Some durability properties are analyzed in concretes made with a novel method for recycled aggregates concrete (RAC) proportioning, in order to validate it under the Spanish context. Two types of concrete mixes were elaborated; one following the guidelines of the named method, and other based on an adaptation of the method to Bolomey methodology. Two types of recycled concrete aggregates (RCA) were used. RCA replacement for natural aggregates (NA) ranged from 20% to 100%. The 20% was chosen in order to comply with Spanish recommendations. Water penetration under pressure, water absorption and chlorides attack were the studied properties. It is verified that the new method and the developed adaptation results in concrete mixes of better or similar properties to those of the natural aggregates concrete (NAC) and the conventional RAC, saving important amounts of cement.
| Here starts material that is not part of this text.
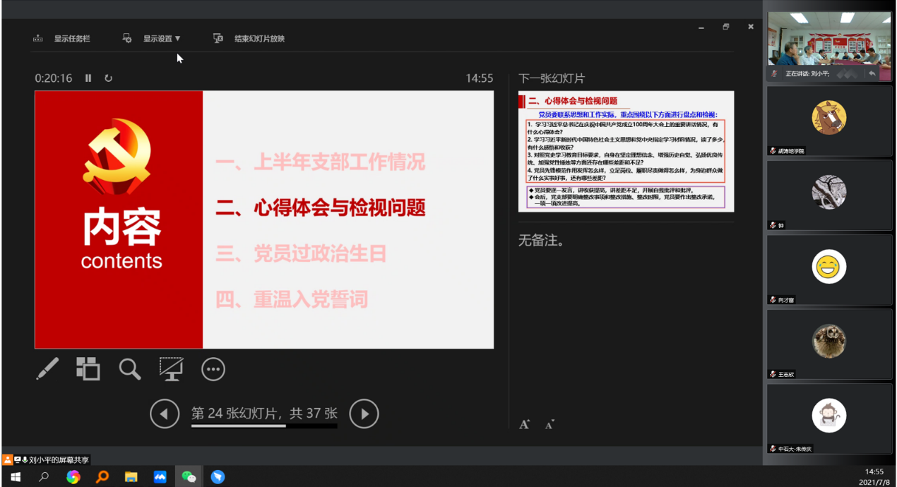 支部书记刘小平介绍了7月份学习要点,回顾了习近平总书记在庆祝中国共产党成立100周年大会上的重要讲话,强调了学习的必要性。学习分为四个部分:首先,刘小平系统汇报了2021年上半年支部工作情况,并对如何做好下步工作做了详尽的规划;其次,围绕“聆听习近平总书记在100周年大会上的重要讲话情况有什么心得体会”、“学习习近平新时代中国特色社会主义思想和党中央指定学习材料有什么感悟”、“对照党史学习教育目标要求中自身还存在哪些差距和不足”、“如何立足岗位、履职尽责发挥党员先锋模范作用”这四个方面,所有党员同志逐一发言,开展了自我批评。其中,刘小平首先带头展开了批评与自我批评,认为我们应该发挥共产党人的优良传统,吃水不忘挖井人,在做好自身本质工作的同时,要多加入到为身边群众做实事好事的工作中去,并介绍了支部朱雷同志积极参加社区工作为身边群众做好事的事例,鼓励同志们向朱雷学习;随后朱雷同志详细分享了为身边群众做好事的心路历程;朱传庆认为,学党史不是任务,更不是家庭作业,我们需要将党史学习融入到日常生活中,用心感悟才能领会精要;向才富认为我们处于和平盛世,应该努力将自身融入到国家建设中,在搞好科研工作的同时,更要为石油工业培养优秀人才。随后,刘小平主持为杨明慧、邱楠生、王洪玉3名党员过政治生日,并赠送了政治生日贺卡及生日礼物,最后,所有党员重温了入党誓词,进一步强化了政治仪式感。

Durabilidad de hormigones con áridos reciclados diseñados con el método de Volumen de Mortero Equivalente (EMV): Validación bajo el contexto Español y adaptación a la metodología de Bolomey. Algunas propiedades de durabilidad son analizadas en hormigones elaborados con el nuevo método para la dosificación de hormigones con árido reciclado (HAR) para validarlo bajo el contexto español. Se elaboraron dos tipos de hormigones; uno siguiendo las directrices del nuevo método y otro basado en una adaptación del anterior a la metodología Bolomey. Se utilizaron dos tipos de árido reciclado (ARH). Los reemplazos de áridos variaron entre 20% y 100%. El 20% ha sido elegido para cumplir con recomendaciones españolas sobre HAR. Las propiedades estudiadas fueron: penetración de agua bajo presión, absorción de agua y susceptibilidad al ataque de cloruros. Se verifica que el nuevo método y la adaptación desarrollada resultan en hormigones con mejores o similares características que las de un hormigón con áridos naturales (HAN) y las de HAR convencional, ahorrando, además, importantes cantidades de cemento.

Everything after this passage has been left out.